Sunday, 8 May 2011

Exercise: Implied Lines

The brief required me to:
  1. look at the two photographs, the bullfighting scene and Threshing Corn in Sicily, and find the implied lines, sketching them for the purpose of the learning log;
  2. perform the same analysis on three of my own photographs; and
  3. take two photographs where the following kinds of implied line lead the eye:
  • an eye-line; and
  • the extension of line or lines to a point.
1.  Text photographs
In the Bullfight scene above the implied lines converge into the centre of the photograph.  There are two lines directly associated with the bull's movement, the eye-line of the matador and the lines constructed through the "sticks" supporting the red "flag".  I have also made use of the curved line traced in the sand to extend into the "stick" held in the matador's left hand.  This adds strongly into the dynamics of the photograph, bringing the focus into the centre.

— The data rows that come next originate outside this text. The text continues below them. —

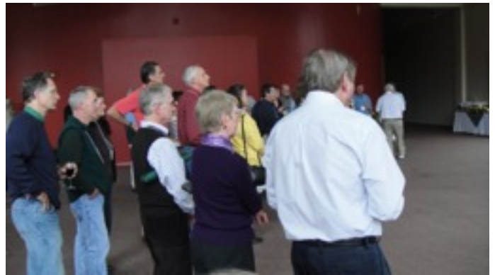
Friday Afternoon Reception
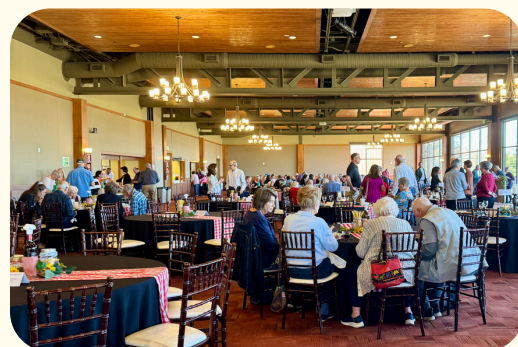
A lovely group gathered at the Cana Ballroom at St. Peter the Apostle Catholic Church to support the Sisters for the Feast of St. Benedict celebration.
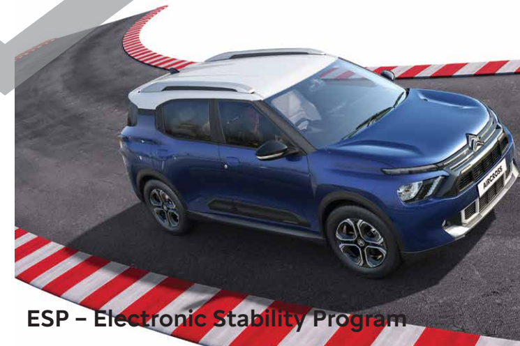
ESP – Electronic Stability Program

Equipped with 6 Airbags, front fog lamps, and day/night IRVM, the Citroën Aircross prioritises both safety and comfort. The ABS and ESP provide excellent traction, especially on slippery or loose terrain, making it ready for all kinds of journeys.
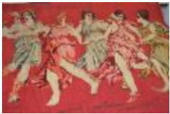
Tapestry (2012.32.6) 1860 – 1870
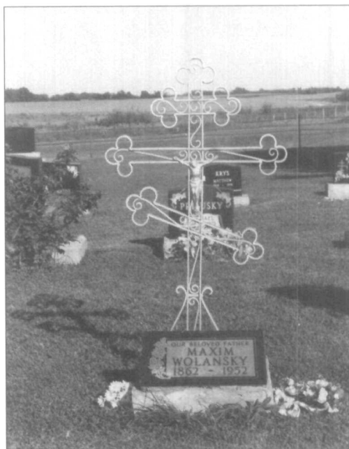
Fig. 4 Metal Orthodox cross marker at Holy Ascension Russian-Orthodox cemetery, Skaro. The statuette of the crucified Christ is of Western spiritual tradition, but the Orthodox cross is clearly of Eastern heritage.

In other instances, individual or group language loss seems to be partially compensated by some ornamental symbol of ethnic identity, such as the neo-traditional geometric "cross-stitch" design. And even modern markers sometimes reflect traditional sex roles, as is clearly the case in the depiction of knitting needles and a ball of yarn on one side of a spousal grave marker, and a convertible automobile on the other. 11
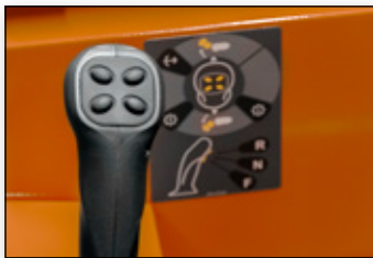
Pivoting steering lever

Gottard Schuh, Threshing Corn in Sicily
The implied lines in Schuh's photograph are primarily eye-lines.  I have constructed these on the photograph above.  The most dynamic of these are the ones from the two horses, which, combined with the angle of their bodies provide a strong perception of their movement in a curve.  This is added to by the feeling that the farm-worker  is at the pivot of this curved movement and this is addressed through his eye-lines leading to the horses' hooves.

The main eye-lines of the lead horse and the farm-worker create a triangle adding a further design element to the photograph, bringing order and structure.

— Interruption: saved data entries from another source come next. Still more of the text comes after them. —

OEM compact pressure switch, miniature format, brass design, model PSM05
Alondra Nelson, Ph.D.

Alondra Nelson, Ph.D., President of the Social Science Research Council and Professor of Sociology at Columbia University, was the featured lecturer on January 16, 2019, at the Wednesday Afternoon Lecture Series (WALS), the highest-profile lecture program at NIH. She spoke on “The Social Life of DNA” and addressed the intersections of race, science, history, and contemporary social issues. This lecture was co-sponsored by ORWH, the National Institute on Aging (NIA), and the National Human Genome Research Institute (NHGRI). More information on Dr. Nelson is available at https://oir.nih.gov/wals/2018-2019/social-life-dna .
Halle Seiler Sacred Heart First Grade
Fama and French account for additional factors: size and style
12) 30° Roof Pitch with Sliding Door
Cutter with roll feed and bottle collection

2.  Analysis of own photographs

Wood carver:  ISO 3200 70mm f16 1/30
This photograph of a wood carver in Thailand is a straightforward image.  The eye-line clearly takes us tothe point of what he is doing - carving intricate patterns and sculptures in a block of wood.  The lines of his hands and the motion of his hammer provide further accent as shown by the arrows.  There is also a triangular structure created with the lines of his arm, torso and eye-line.

I was shooting indoors, so had a high ISO setting, but here I also wanted to show some movement if possible, so I used a fairly slow shutter speed.  The downside of this is that the f-stop is higher than I would have wanted, bringing a distracting background more into focus.

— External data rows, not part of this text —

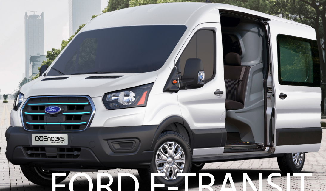
FORD E-TRANSIT Crew Cab
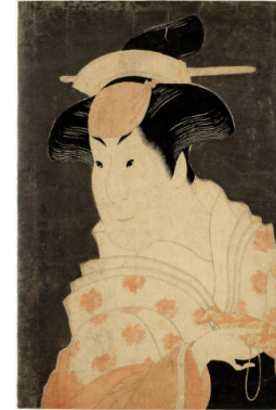
Title: The Onnagata Actor Iwai Hanshirō Date: 1794 Primary Maker: Tōshūsai Sharaku Medium: Woodblock print (Nishiki-e); ink and color on paper, mica
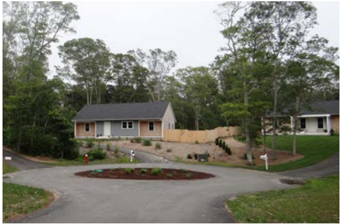
Bevan Way, Orleans
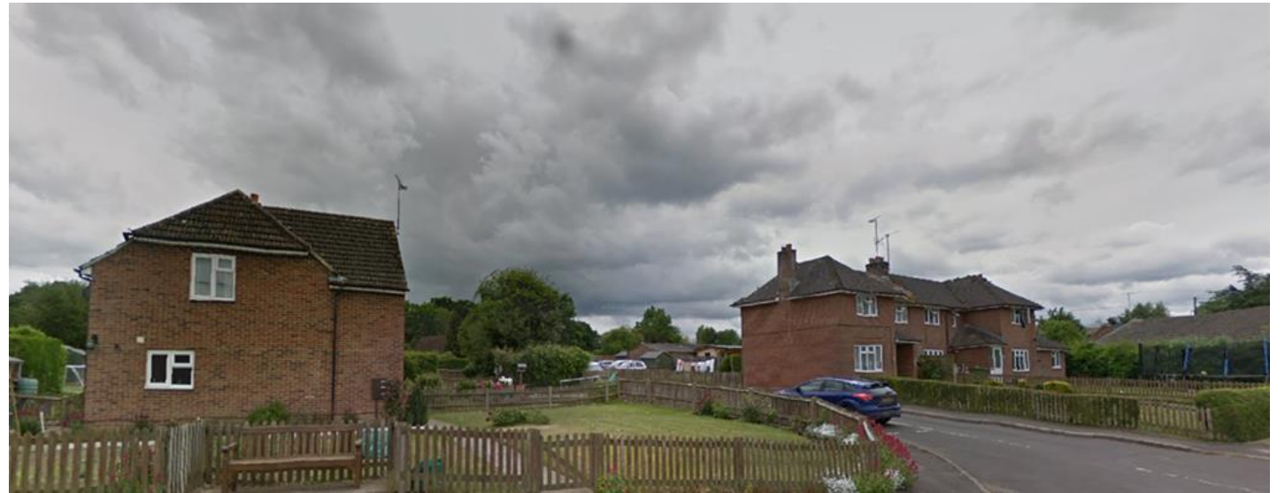
Photo from Duke Street looking towards application site

Group photo:  ISO 200 300mm f6.3 1/1000
This photo is all about eye-lines.  The girl at the front of the row had taken a group photo from that position.  With the exception of the lady on the right, all the eyelines lead to the camera providing , as well a small inverted triangle of two ladies and the man in the group.  This ensures that the point of interest through these implied lines is the camera.  All of this is further accentuated by the close grouping and the way the hands, arms and shoulders create further lines in the same direction.

The photograph was a candid "street" photo, so I took advantage of the structure as it happened - The aperture was one stop in from fully open - this also ensured I did not suffer from camera shake at this point. 

Black and Orange:  ISO 500  28mm  f3.5  1/60
Another straightforward image.  The Buddha's eyes leading to the orange flowers.  I liked the monochrome look here and kept my aperture wide open as I wanted the accent on the flowers, throwing the Buddha slightly out of focus.  The closeness of the wide-angle lens at this point further brought the flowers to the fore and pushed the Buddha into the background.  The main connection being established through the eye-line.

3.  Newly taken Photographs
Battle:  ISO 200 400mm f5.6  1/1600
 The photograph of the two lady re-enactors at a medieval fair at Castle Hedingham has the eye-lines leading to a point out of frame. This is also supported by their stance.

I was using the lens at its widest aperture as I was keen to throw the distracting background out of focus and also provide a fast shutter speed to freeze the action and, in this case, I also wanted to have no camera shake.

Walled garden:  ISO 200 24mm  f16  1/30
Taken at Cressing Temple, the lines initially established by the bench and the brick flower border on the right are continued into the distance to the tree growing above the wall.

The implied lines are accentuated by using the wide angle lens and, as I wanted to ensure sharpness throughout, I used f16 as my aperture, knowing that this would give me a good DOF.